PROVIDED INFORMATION:

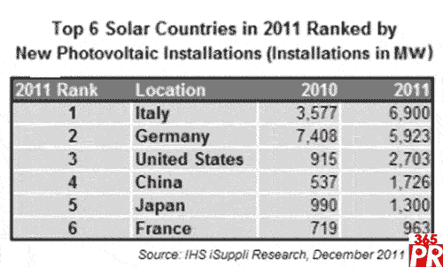 但是,由于意大利政府實(shí)行有吸引力的電價(jià)政策并調(diào)整了補(bǔ)貼計(jì)劃,意大利今年新增太陽(yáng)能發(fā)電容量高于其它國(guó)家,預(yù)計(jì)將達(dá)6.9MW,這足以使其成為全球最大的光伏市場(chǎng)。去年是德國(guó)以7.4GW排名第一,而意大利以3.6GW排名第二。
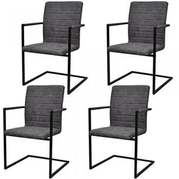 VidaXL 4X Sedia da Pranzo a Sbalzo con Coste Grigie Braccioli e Schienale Seggiole a Sbalzo
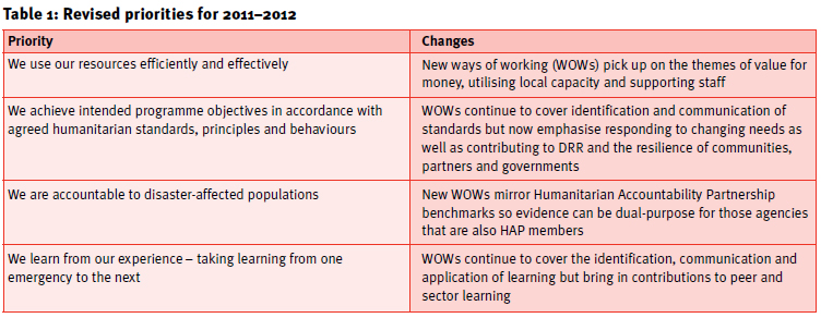 To address these issues we took a further step towards the other initiatives in which our members are engaged: mirroring the HAP benchmarks within our accountability to beneficiary ways of working; incorporating ideas from the Sphere Core Standards around coordination, collaboration and local capacity; and making explicit reference to People in Aid. To identify the ways of working which sit beyond the scope of these initiatives, we concentrated on areas where agencies had common aspirations (e.g. value for money) and where the first three years of DECAF showed there was still progress to be made (e.g. learning). While this process led to a very different set of ways of working, at the priority level there was only one significant change: a move away from using funds as stated towards a more challenging commitment to using resources efficiently and effectively. This new priority incorporates the themes of value for money, utilising local capacity and ensuring that staff can work effectively (see Table 1).
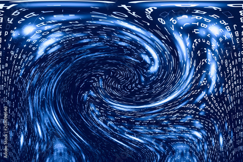 Blue matrix digital background. Distorted cyberspace concept. Characters fall down in wormhole. Hacked matrix. Virtual reality design. Complex algorithm data hacking. Cyan digital sparks.
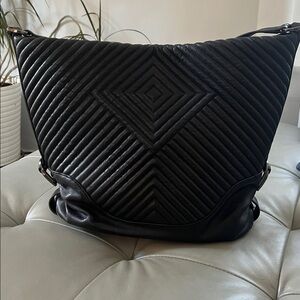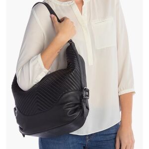 Elegant black hobo leather bag with a quilted pattern on the front, plain back, buckle details on the side. Ideal for versatile styling.
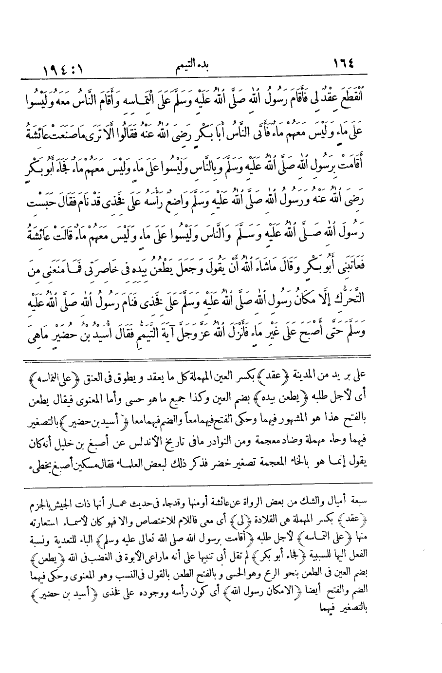 عَلَى بَرِيدٍ مِنَ الْمَدِينَةِ عِقْدٌ بِكَسْرِ الْعَيْنِ الْمُهْمَلَةِ كُلُّ مَا يُعْقَدُ وَيُطُوَّقُ فِي الْعُنُقِ عَلَى الْتِمَاسِهِ أَيْ لِأَجْلِ طَلَبِهِ يَطْعُنُ بِيَدِهِ بِضَمِّ الْعَيْنِ وَكَذَا جَمِيعُ مَا هُوَ حِسِّيٌ وَأما الْمَعْنَوِيّ فَيُقَال يطعن بِالْفَتْح هَذَا هُوَ الْمَشْهُورِ فِيهِمَا وَحُكِيَ الْفَتْحُ فِيهِمَا مَعًا وَالضَّمُ فيهمَا مَعًا أسيد بْنُ حُضَيْرٍ بِالتَّصْغِيرِ فِيهِمَا وَحَاءٍ مُهْمَلَةٍ وَضَادٍ مُعْجَمَةٍ وَمِنَ النَّوَادِرِ مَا فِي تَارِيخِ الْأَنْدَلُسِ عَنْ أَصْبَغَ بْنِ خَلِيلٍ أَنَّهُ كَانَ يَقُولُ إِنِّمَا هُوَ بِالْخَاءِ الْمُعْجَمَةِ تَصْغِيرُ خِضْرٍ فَذُكِرَ ذَلِك لبَعض الْعلمَاء فَقَالَ مِسْكين أصبغ يخطىء

WORK INSTRUCTIONS: Give the entries again exactly. Pictures stay out.

OUTPUT FOR THIS TASK:
 但是,由于意大利政府實(shí)行有吸引力的電價(jià)政策并調(diào)整了補(bǔ)貼計(jì)劃,意大利今年新增太陽(yáng)能發(fā)電容量高于其它國(guó)家,預(yù)計(jì)將達(dá)6.9MW,這足以使其成為全球最大的光伏市場(chǎng)。去年是德國(guó)以7.4GW排名第一,而意大利以3.6GW排名第二。
 VidaXL 4X Sedia da Pranzo a Sbalzo con Coste Grigie Braccioli e Schienale Seggiole a Sbalzo
 To address these issues we took a further step towards the other initiatives in which our members are engaged: mirroring the HAP benchmarks within our accountability to beneficiary ways of working; incorporating ideas from the Sphere Core Standards around coordination, collaboration and local capacity; and making explicit reference to People in Aid. To identify the ways of working which sit beyond the scope of these initiatives, we concentrated on areas where agencies had common aspirations (e.g. value for money) and where the first three years of DECAF showed there was still progress to be made (e.g. learning). While this process led to a very different set of ways of working, at the priority level there was only one significant change: a move away from using funds as stated towards a more challenging commitment to using resources efficiently and effectively. This new priority incorporates the themes of value for money, utilising local capacity and ensuring that staff can work effectively (see Table 1).
 Blue matrix digital background. Distorted cyberspace concept. Characters fall down in wormhole. Hacked matrix. Virtual reality design. Complex algorithm data hacking. Cyan digital sparks.
 Elegant black hobo leather bag with a quilted pattern on the front, plain back, buckle details on the side. Ideal for versatile styling.
 عَلَى بَرِيدٍ مِنَ الْمَدِينَةِ عِقْدٌ بِكَسْرِ الْعَيْنِ الْمُهْمَلَةِ كُلُّ مَا يُعْقَدُ وَيُطُوَّقُ فِي الْعُنُقِ عَلَى الْتِمَاسِهِ أَيْ لِأَجْلِ طَلَبِهِ يَطْعُنُ بِيَدِهِ بِضَمِّ الْعَيْنِ وَكَذَا جَمِيعُ مَا هُوَ حِسِّيٌ وَأما الْمَعْنَوِيّ فَيُقَال يطعن بِالْفَتْح هَذَا هُوَ الْمَشْهُورِ فِيهِمَا وَحُكِيَ الْفَتْحُ فِيهِمَا مَعًا وَالضَّمُ فيهمَا مَعًا أسيد بْنُ حُضَيْرٍ بِالتَّصْغِيرِ فِيهِمَا وَحَاءٍ مُهْمَلَةٍ وَضَادٍ مُعْجَمَةٍ وَمِنَ النَّوَادِرِ مَا فِي تَارِيخِ الْأَنْدَلُسِ عَنْ أَصْبَغَ بْنِ خَلِيلٍ أَنَّهُ كَانَ يَقُولُ إِنِّمَا هُوَ بِالْخَاءِ الْمُعْجَمَةِ تَصْغِيرُ خِضْرٍ فَذُكِرَ ذَلِك لبَعض الْعلمَاء فَقَالَ مِسْكين أصبغ يخطىء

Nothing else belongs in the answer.